LISTED RECORDS:
Content starts
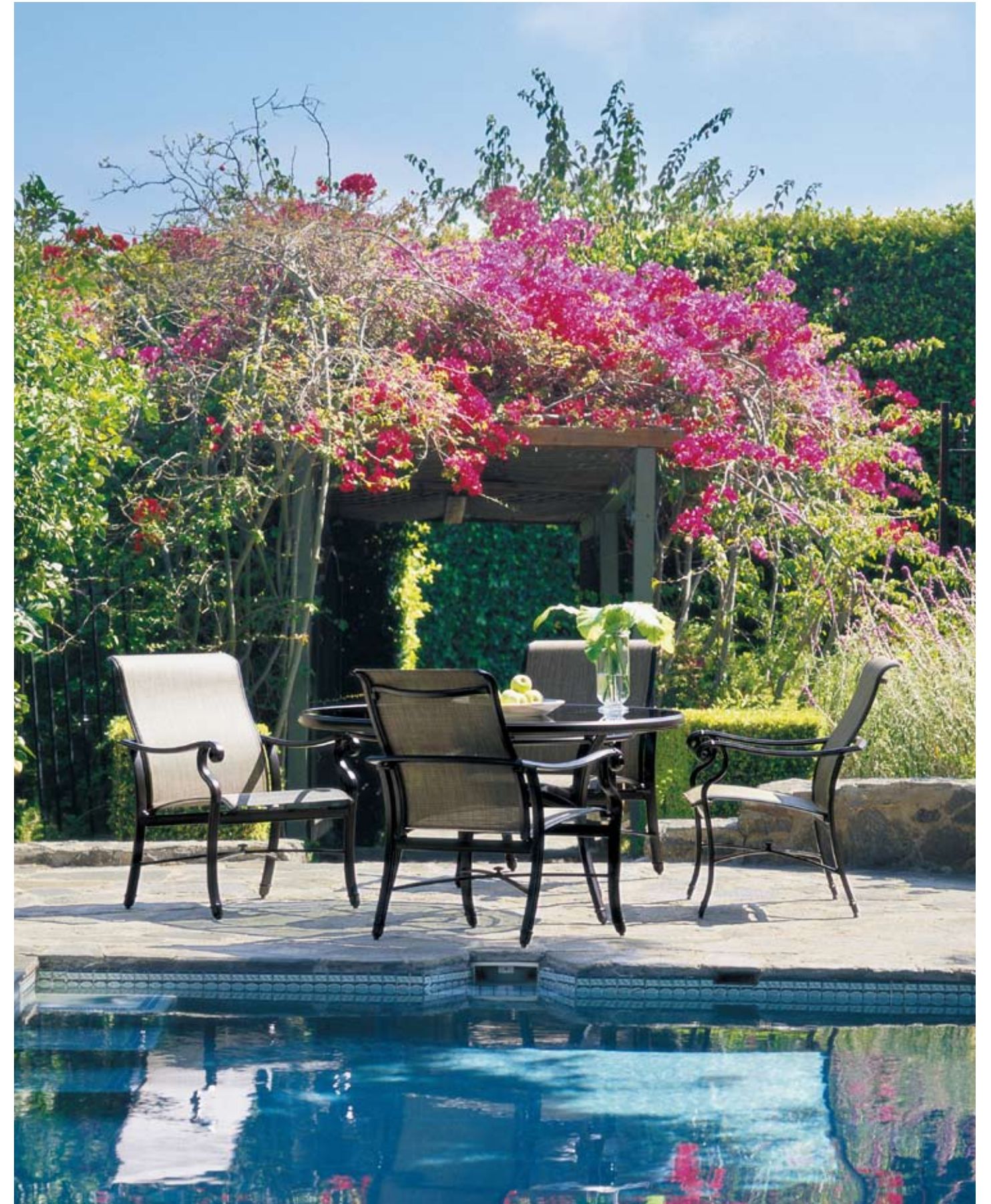
Camden Square sling in Java finish with River Rock mesh.
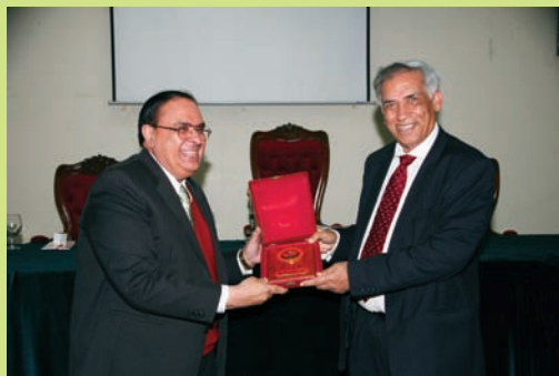
Prof. Atta-ur-Rahman, presents PAS Shield to President, INSA

Souvenirs were exchanged by the two Academies to make this trip a memorable one.
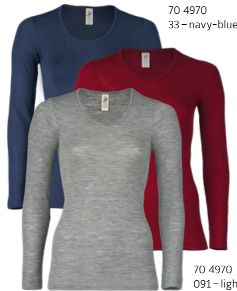
70 4970 33 - navy-blue
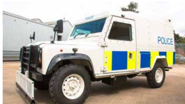
Designed, integrated and armoured composite Snatch Land Rovers for military and law enforcement operations.
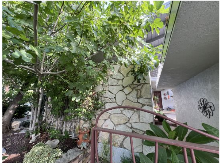
Front / Next to garage
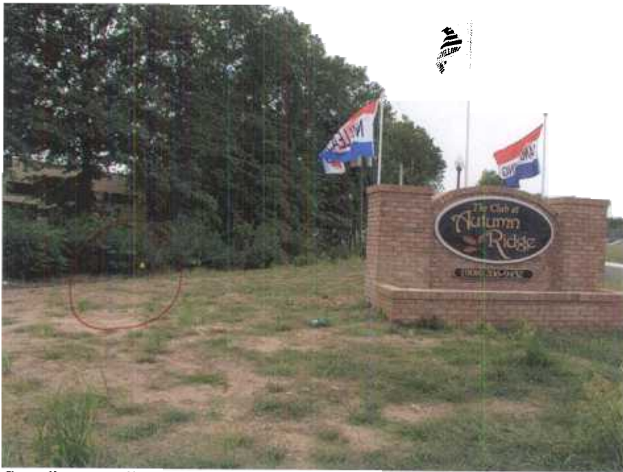
Standing on Liberty Ave in Union facing the new Autumn Ridge Senior Apartments. The train tracks are on the left side of the picture approx ½ way down the picture. You can see a white spot on the left and a yellow flag about 2 inches to the right of the tracks.
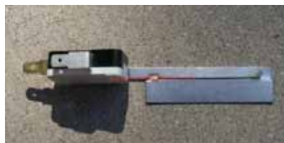
Figure (12) Furnace Sail Switch

The timing circuit keeps the blower running for about 15 seconds to purge the combustion and air chamber. A sail switch is included, Figure (12), which monitors the interior air flow to insure that the burner cannot be lit unless air is circulating through the heat ducts.
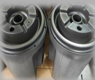
■ PISTON ■
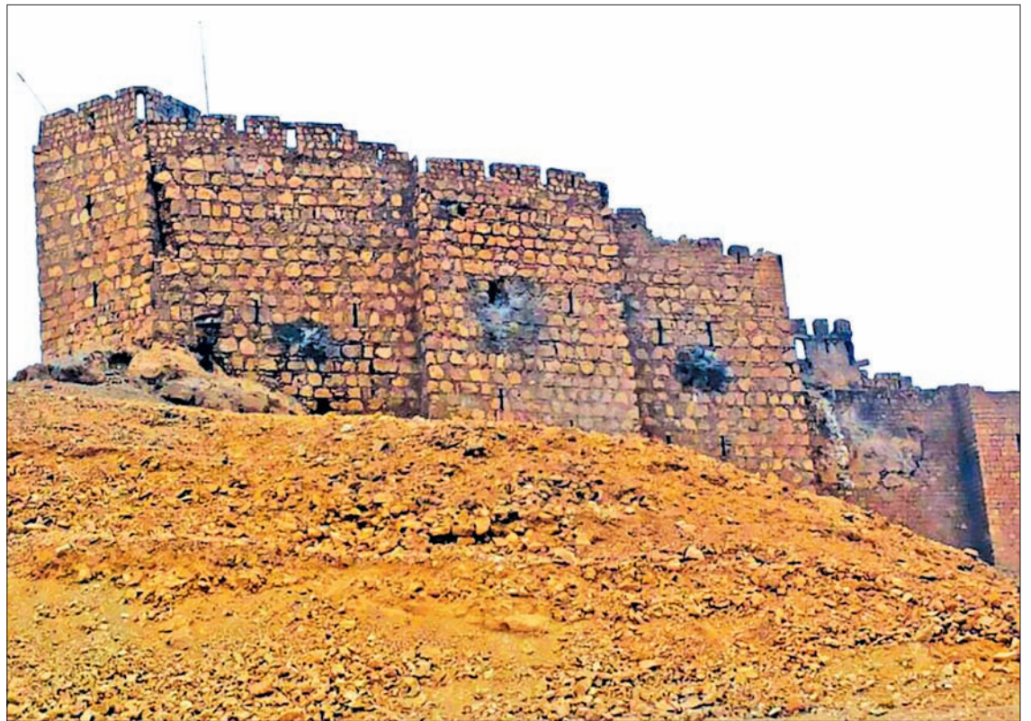
A general view shows the old citadel of Palmyra in Homs Governorate overlooking the city's ancient ruins, after forces loyal to Syria's President Bashar al-Assad recaptured it on Friday, in this handout picture provided by SANA on 26 March 2016.

The loss of Palmyra comes three months after Islamic State fighters were driven out of the city of Ramadi in neighbouring Iraq, the first major victory for Iraq's army since it collapsed in the face
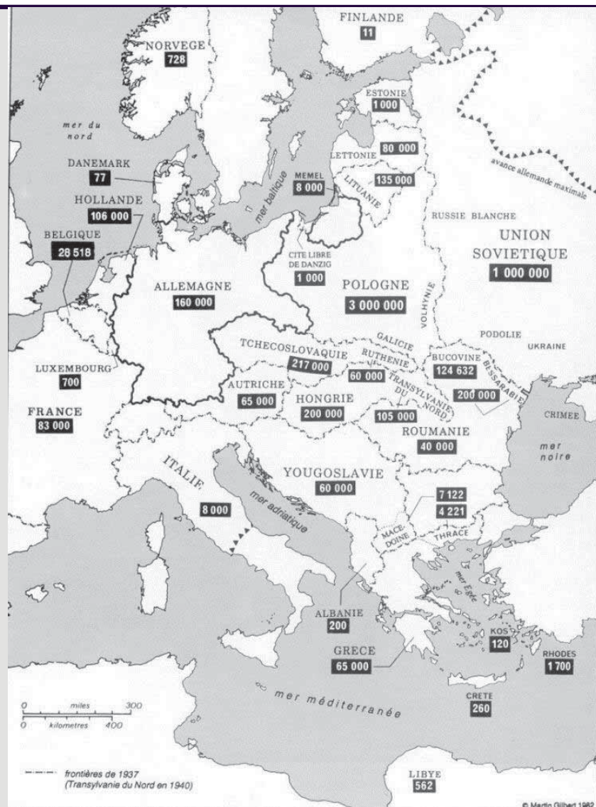
Holocaust victims by country
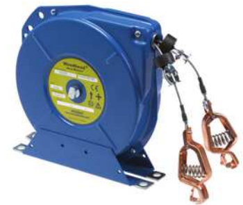
Static Discharge Grounding Reel with Double-Clamp Cable
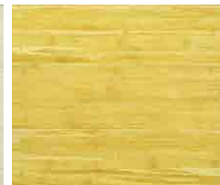
• BM 2100 NATURAL
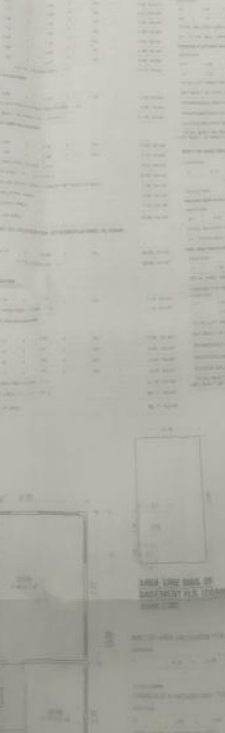
BASEMENT PLAN SCALE 1/8" = 1'-0"
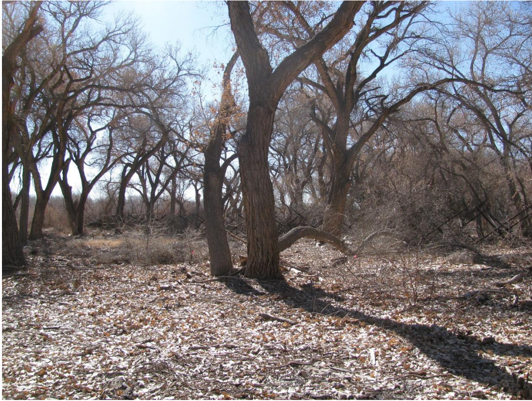
LL_2C, facing center from as close to 66 feet as visually possible (2012 above, 2016 below)
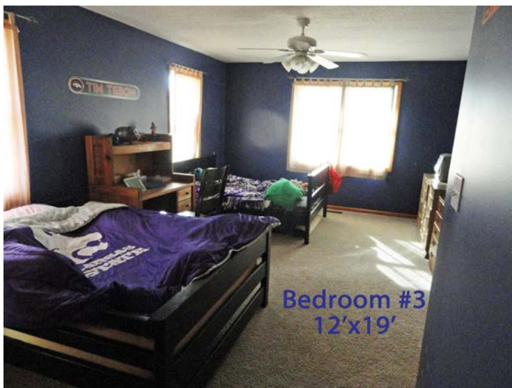
Bedroom #3 12'x19'
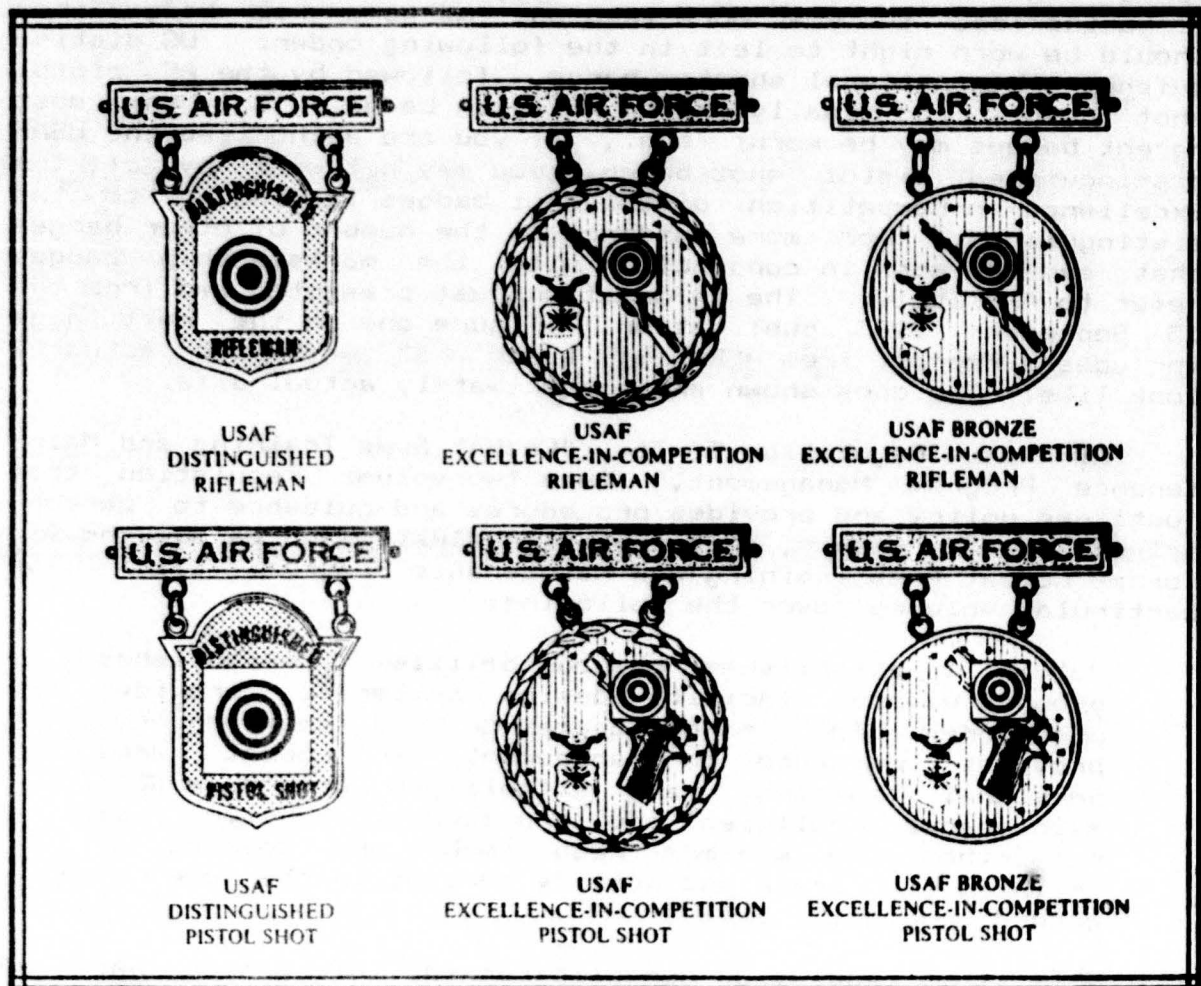
FIGURE 1: USAF Excellence-in-Competition Badges (2:192)

you will be working with highly skilled experts from the marksmanship training unit. However, there are sections that would probably be worthwhile reading, in particular the ones dealing with range procedures and range safety. It is important to emphasize that during an elementary competition many of the participants will be completely unfamiliar with either procedures or safety; therefore, as project officer, be sure you understand what is happening before the match begins. Also, the regulation contains some good diagrams of the various shooting stances that may be used during a match. It might be a good idea to have some of the appropriate drawings reproduced and on hand during the competition to use as examples.
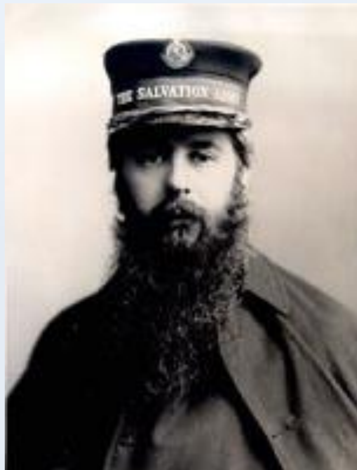
Bramwell Booth, Chief of the Staff

What were the men of The Salvation Army leadership hearing from their wives on Child Prostitution?
Content ends
REQUIRED WORK: Scan the material for "with" and copy the lines that hold it.

ANSWER SPACE:
Camden Square sling in Java finish with River Rock mesh.
Static Discharge Grounding Reel with Double-Clamp Cable
you will be working with highly skilled experts from the marksmanship training unit. However, there are sections that would probably be worthwhile reading, in particular the ones dealing with range procedures and range safety. It is important to emphasize that during an elementary competition many of the participants will be completely unfamiliar with either procedures or safety; therefore, as project officer, be sure you understand what is happening before the match begins. Also, the regulation contains some good diagrams of the various shooting stances that may be used during a match. It might be a good idea to have some of the appropriate drawings reproduced and on hand during the competition to use as examples.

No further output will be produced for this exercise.